In FY21 too, the Centre received ₹ 39,022 crore in dividend receipts from CPSEs, exceeding the revised budget estimate of ₹34,717 crore.
“If you look at the entire structure of CPSEs, most of them make huge profits because of their monopoly position. For instance, ONGC (oil & gas explorer), Power Grid (power transmission), NTPC (energy company), Coal India (single largest coal producing company in the world) all enjoy monopoly in their respective sectors. These companies normally earn ₹ 10,000-20,000 crore in profit every year and also contribute huge dividends to the government,” Madan Sabnavis, Chief Economist at Bank of Baroda, said.
DIPAM shares regular updates on dividend receipt from CPSEs on Twitter.

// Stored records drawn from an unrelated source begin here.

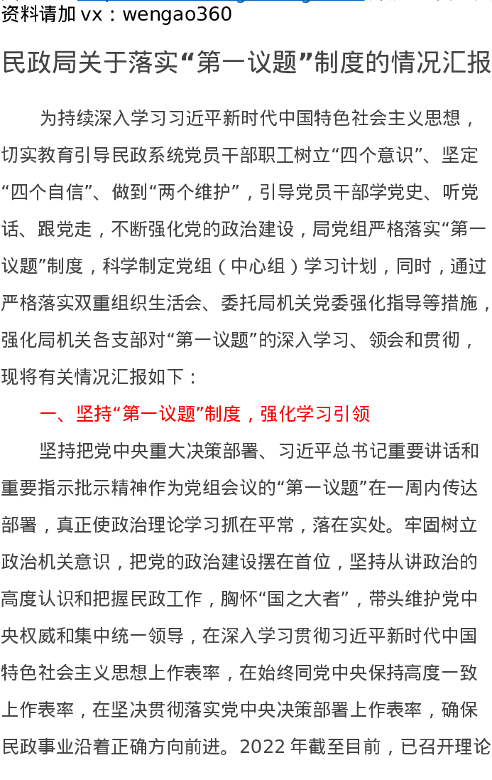 民政局关于落实“第一议题”制度的情况汇报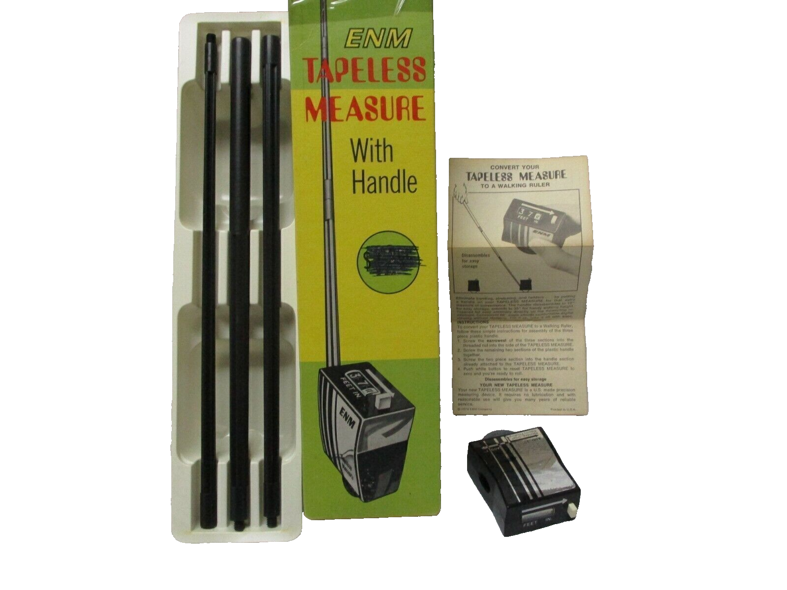 New old stock and in the original factory box.Vintage ENM Tapeless Measure Made in USA Measuring Wheel Tested Working.39.99The Vintage ENM Tapeless Measure is a unique and collectible tool made in the USA. This measuring wheel, brand Enm, is an antique original piece that has been tested and is in working condition. With its classic design and functionality, this tapeless measure is a must-have for any woodworking or carpentry enthusiast looking for a vintage tool with a touch of history. Made in the United States, this piece is a testament to quality craftsmanship and attention to detail.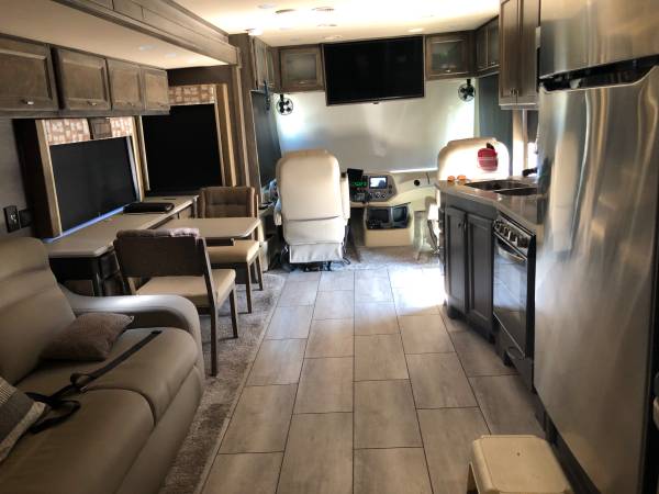 We used it 3 1/2 years and we’ve just aged out. There’s a spacious residual LG fridge w/icemaker. 7KW genset w/186 hrs. There’s 4 100 amp hr Lithium house batteries with wi-fi. Queen mattress....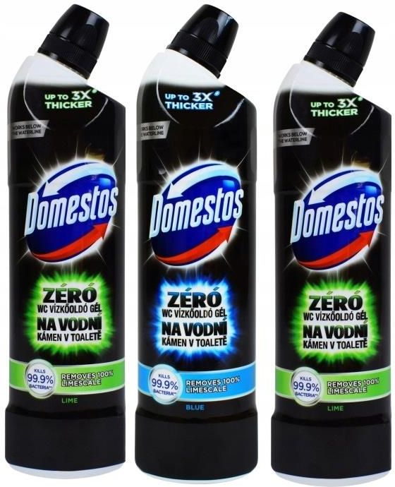 {desc/50/} {desc/50/} PŁYNY DO CZYSZCZENIA TOALET DOMESTOS ZERO KAMIENIA PINK + LIME + BLUE ✅Domestos Zero Kamienia gwarantuje czystość absolutną i zapewnia maksymalną skuteczność w Twojej toalecie. ✅To bezkonkurencyjny niszczyciel kamienia docierający nawet do najtrudniej dostępnych zakamarków. {desc/50/} Specyfikacja: ✅Zabija zarazki; ✅Niszczy najmocniej osadzony kamień i zapobiega powstawaniu; nowego ✅Usuwa bakterie, grzyby i spory (także z trudnodostępnych miejsc); ✅Konsystencja gęstego płynu szczelnie pokrywa wszystkie miejsca i tworzy powłokę zabezpieczającą; ✅Działa nawet poniżej linii wody; ✅Dzięki wygodnej butelce sprzątanie trwa kilka chwil, a produkt dociera nawet do najbardziej niedostępnych miejsc; ✅Pojemność - 3x 750 ml ✅Waga z opakowaniem - 3x 0,86 kg ✅Postać - żel {desc/50/} {desc/50/} {desc/50/} 3x GĘSTSZY OD INNYCH PŁYNÓW! ✅Gęsta konsystencja dokładnie przylega do ścianek muszli, a wygodna butelka z zagiętą szyjką pomogą dostać się do wszelkich zakamarków i zagłębień w toalecie – jednocześnie ograniczając Twój kontakt z klozetową otchłanią do minimum.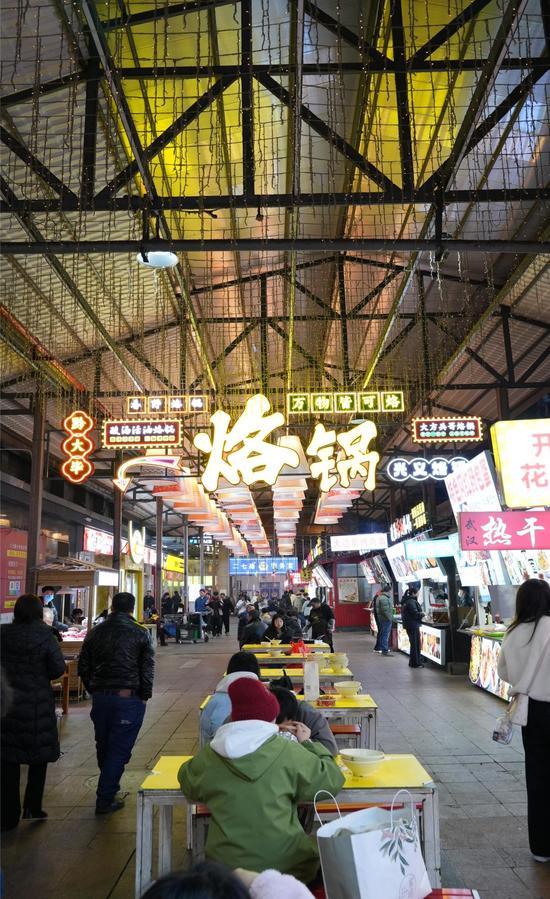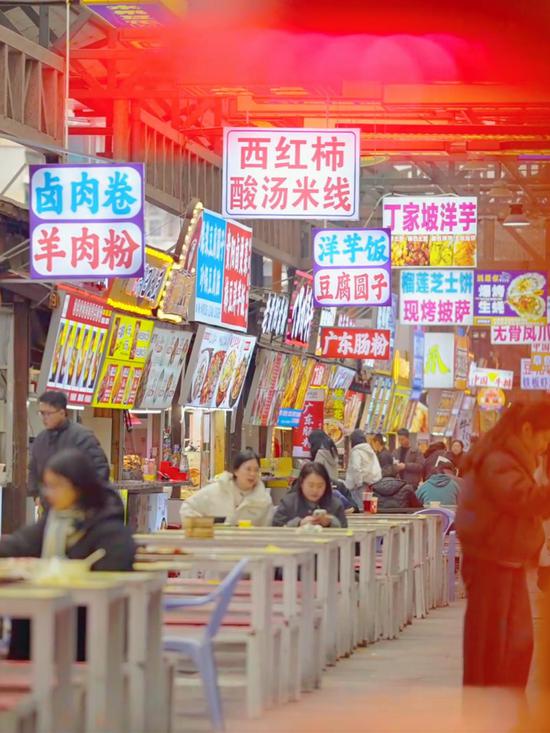 此次升级聚焦“视觉、业态、体验”三重焕新。在空间设计上,街区北门以贵阳甲秀楼为灵感,通过国潮美学重构传统街巷轮廓,霓虹灯带与中式建筑元素交织,成为市民游客打卡的“城市新封面”;业态布局进一步聚焦贵州本土风味,将南端区域调整为“烙锅主题区”,集中呈现这一贵州特色美食的制作技艺与用餐场景,实现“品类集聚 + 文化展示”双重价值。

Data compiled from these updates show that the Centre has received at least ₹5,586 crore in dividends from ONGC in the current fiscal followed by Coal India (₹5,094 crore), Power Grid Corporation (₹.4,475 crore), Indian Oil (₹4,363 crore), NTPC (₹3,542 crore), GAIL (₹1,827 crore) and SAIL (₹1,557 crore).
For the current year, the Centre received ₹1,150 crore in dividend receipts from Bharat Petroleum (BPCL). Besides, the privatisation-bound company also paid ₹6,665 crore in October 2021 as the final dividend for FY21, which included special dividend on account of gains especially on sale of BPCL’s stake in Numaligarh Refinery in March 2021.
Key source of non-tax revenue
Dividends and profits from CPSEs are an important source of non-tax revenue for the Centre. In 2016, the government revised the dividend distribution policy of CPSEs, asking them to pay 30 per cent of post-tax profit or 5 percent of net worth, whichever is higher, as dividend every year.
In November 2020, DIPAM observed that CPSEs usually consider paying only minimum dividend as per guidelines and advised them to strive paying higher dividends taking into account relevant factors such as profitability, capex requirements with due leveraging, cash/reserves and net worth.
Independent market analyst Ajay Bodke said the government, as the largest shareholder, is well within its rights to ask CPSEs to increase their dividend payouts if the underlying profitability of CPSEs increases massively.
Metal, mining sectors shine
With a sharp rise in crude, gas and other commodity prices, oil marketing companies (OMCs) and CPSEs in the metals and mining sectors are likely to post super-normal profits and higher dividend payouts this fiscal. The Centre is likely to beat the FY22 budget estimate for PSU dividends of ₹50,028 crore by a comfortable margin.
For FY23, the Centre has budgeted ₹40,000 crore of dividend receipts from CPSEs.